- Born: Charles Boyce September 21, 1949 (age 76)
- Occupation: Syndicated Cartoonist
- Years active: 1994–present
- Notable work: Compu-toon
- Website: www.gocomics.com/compu-toon

= Charles Boyce =

American cartoonist

Charles Boyce (born 1949 in Olive Branch, Mississippi), is an American cartoonist known for his syndicated comic panel Compu-toon. Boyce is also known for creating the KeyPad Kid, a cartoon character used in public affairs awareness programs for training within the telecommunication industry.

==Biography==
Boyce attended the Memphis Academy of Arts in the 1960s, and in 1969 enlisted in the United States Navy.

The Compu-toon strip ran in approximately 150 newspapers from 1994 until 1997. Boyce is still producing Compu-toon by way of syndication. Andrews McMeel Syndication distributes it. Boyce resides in the northwest suburbs of Chicago.

== Career ==

=== The cARToon Exhibit ===
Boyce was a part of the cARToon exhibit at the Barrington Area Library in January 2007. The show featured a collection of artwork titled the Blues Arrangement Exhibit. According to Boyce, the artwork showed scenes about the blues in Memphis from the early turn of the century to now by "way of events which he had seen or heard of", and contained portraits of blues musicians in various paintings such as Lead Belly, Harmonica Player, Ducks 1, and Ducks 2.

=== Diversity and lack thereof in syndicated cartoons ===
Although there was and still is a lack of diversity within cartoons, there was an increase in cartoonists of color between the years of 1988-1998. In 1988, there was only one cartoonist of color at a large syndicate; Wee Pals creator Morrie Turner. There are several potential causes to this seemingly sudden increase, such as the Free Press and The Detroit News hosting a contest for minority cartoonists as well as there being more focused press space on the issue of diversity. However, despite the increased attention and focus on improving diversity, many minority comic artists have still been rejected from major newspapers based on the fact that the newspaper "already has a minority comic", including comic artists Barbara Brandon and Rey Billingsley. On this topic, Boyce comments that “people are people” and that race has little effect on the enjoyment of a comic; that minority created comics have wide appeal. This is proved by the fact that many cartoonists of color receive fan mail from white readers, as well as the fact that nearly every minority-created comic has continued through 1988-1998, which was an especially impressive rate for the decade.

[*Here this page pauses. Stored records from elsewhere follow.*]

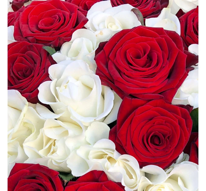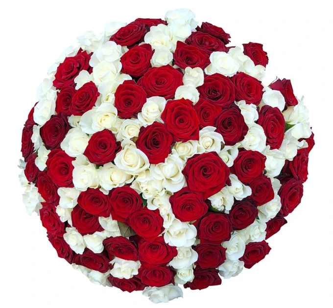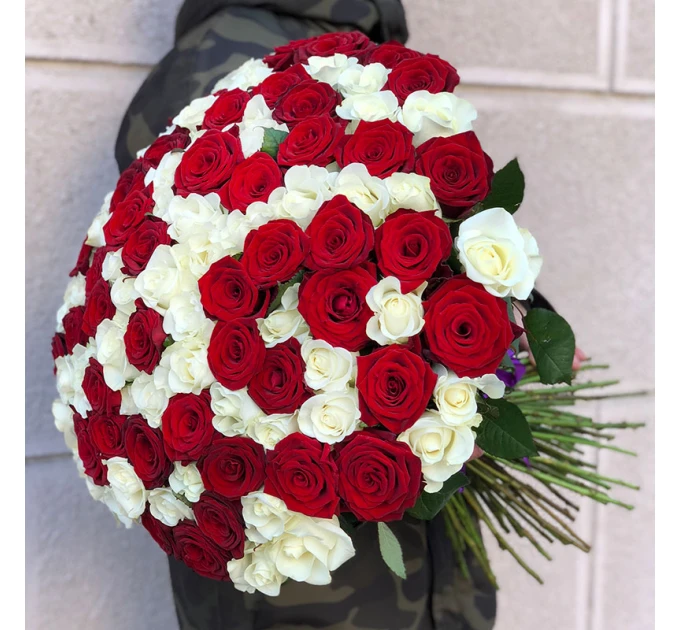 Придбати 101 троянда мікс «червоно-біла» 60 см у Києві на Оболоні з доставкою✅ ви можете в нашому магазині. Якщо виникли питання щодо товару, ви можете написати в наш чат менеджеру і ми з радістю вам допоможемо!
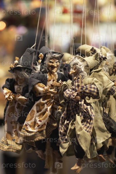 Италия, Лацио, Рим, площадь Навона, куклы ведьмы на витрине
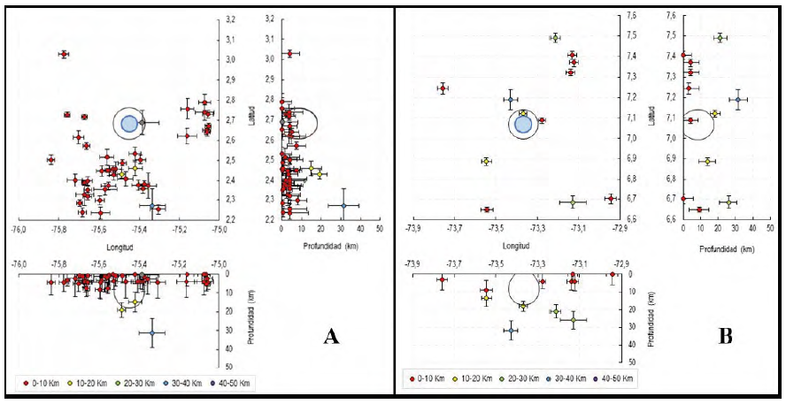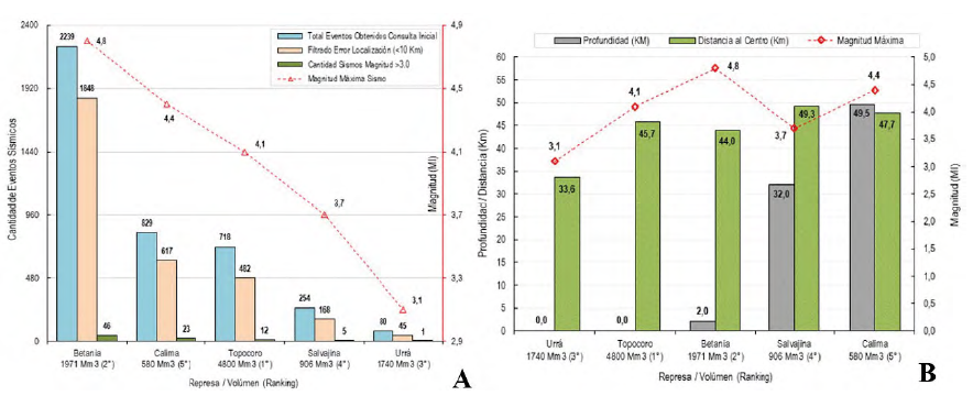 Los umbrales de consulta en área y profundidad definidos en la investigación para la determinación de los eventos sísmicos de interés en los alrededores de cada represa son superiores en relación con otros estudios realizados a nivel mundial. Por ejemplo, para el embalse Song Trank 2 (Vietnam) se delimitó el análisis a un radio de 30 km (Lizurek et al., 2017); mientras que otros investigadores han optado por realizar sus análisis dentro de límites inferiores a los 20 km (Drakatos et al., 1998; Mikhailov et al., 2017; Stiros y Pytharouli, 2018).
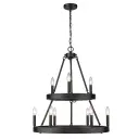 The Alastair 9-light chandelier combines transitional design with contemporary sophistication. Its open 2-tier structure and matte black finish create a striking focal point while providing ample illumination for dining and living spaces.
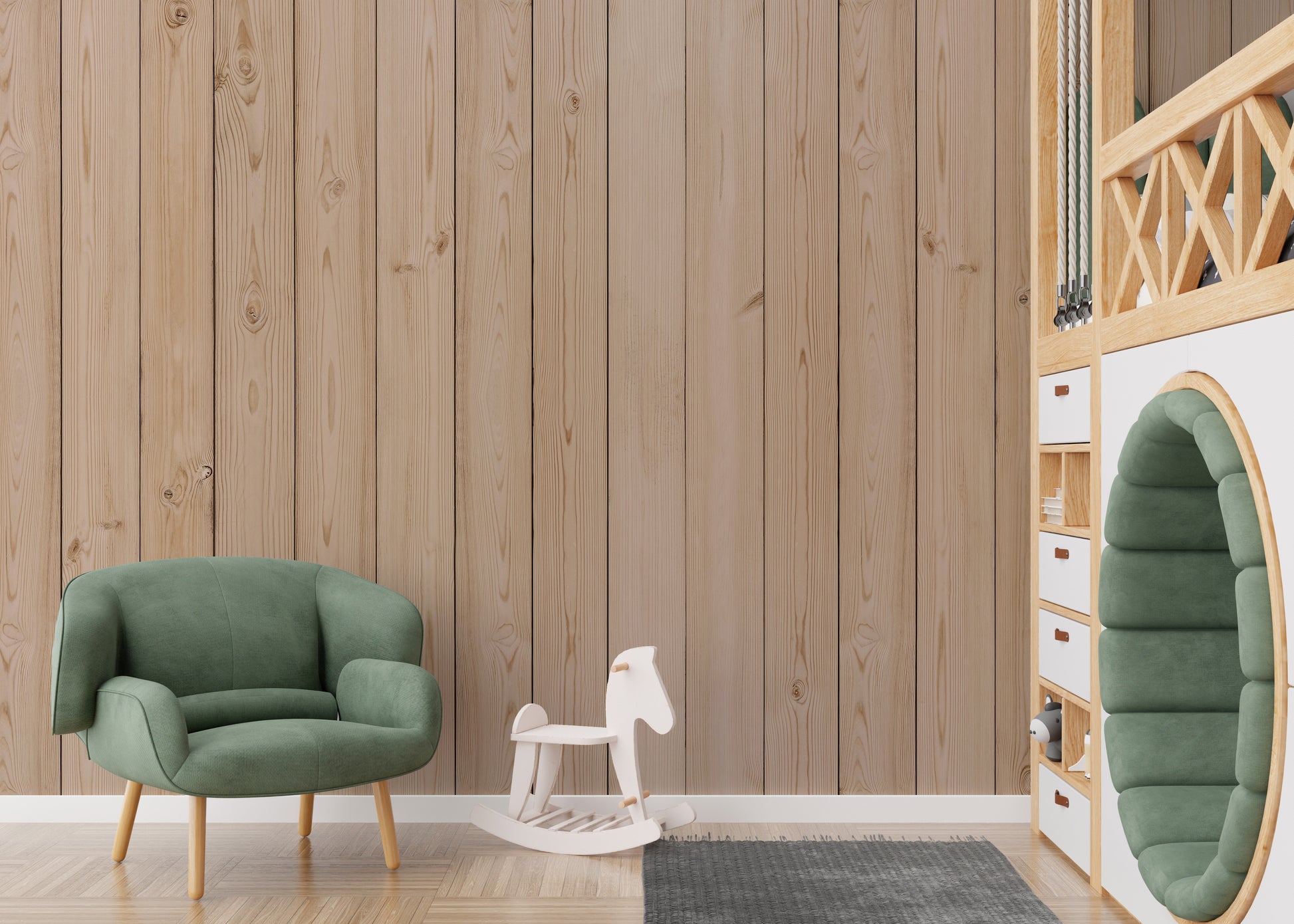 Elevate the aesthetics of your space with our brown natural wooden vertical striped mural wallpaper. Masterfully designed to emulate the timeless elegance of natural wood, this wooden stripe wallpaper for walls brings an essence of earthy warmth and serene sophistication into any room. Perfect as a bedroom wallpaper, it creates a comforting and cozy atmosphere, promoting restful sleep and relaxation.
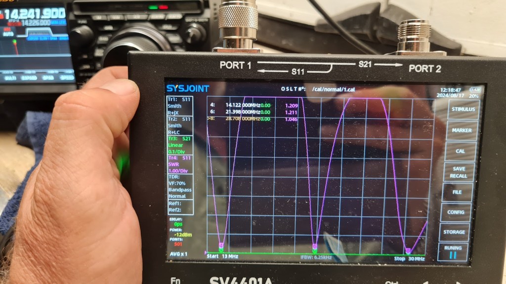 Op 20m een dip rond de 14.122 en SWR 1:1.5 over een bandbreedte van 300 MHz van 14.050 – 14.350.
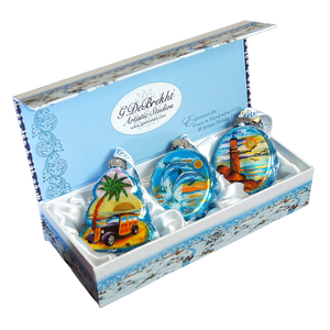- Coastal Mercury Glass Ornaments Set of 3 by G. DeBrekht - Designocracy Vintage Glass Christmas Ornaments! No Christmas tree is complete without a collection of festive ornaments hanging on Its branches! - you're sure to find just the best ones at the official G. Debrekht Christmas Shop. Car Woody, Dolphins, and Lighthouse ornaments handmade in the USA.
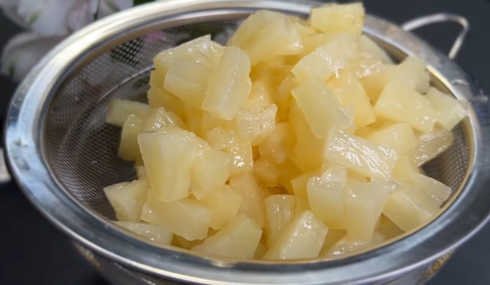 • Puszka ananasa . Ewentualnie możesz dodać puszkę brzoskwiń
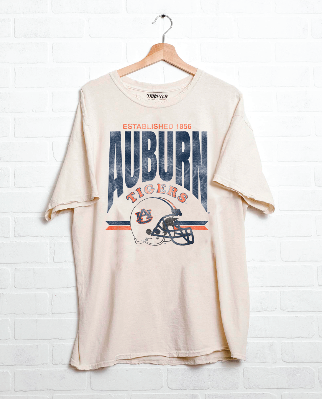 Auburn Tigers Established Date Helmet Off White Thrifted Tee
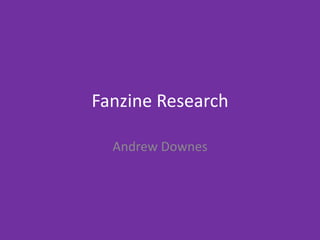 The document summarizes research on several fanzines. Key ideas taken from the fanzines include using a clear layout, balancing images and text with a 50/50 ratio, and using vibrant colors. Mythology and video games were cited as potential topics. Concerns included fanzines having a niche audience and the researcher not previously being aware of fanzines. Overall fanzines were deemed a poor medium for selling ideas compared to books, magazines, or blogs.

=== Protesting through artwork ===
In February 2008, Boyce was involved in a protest which called for a greater representation of black cartoon artists in newspaper comics. The protest sought to bring attention to the problem of "tokenism" in newspapers, and brings to light the issues that many black comic artists face when trying to publish their works. In addition to Boyce, the artists who participated in the protest were Jerry Craft, Charlos Gary, Steve Watkins, Keith Knight, Bill Murray, and Tim Jackson. For one day, these cartoonists all drew a very similar comic strip, which showed a scene with a white reader looking at a minority-drawn strip and complaining that it is a rip-off of the Boondocks.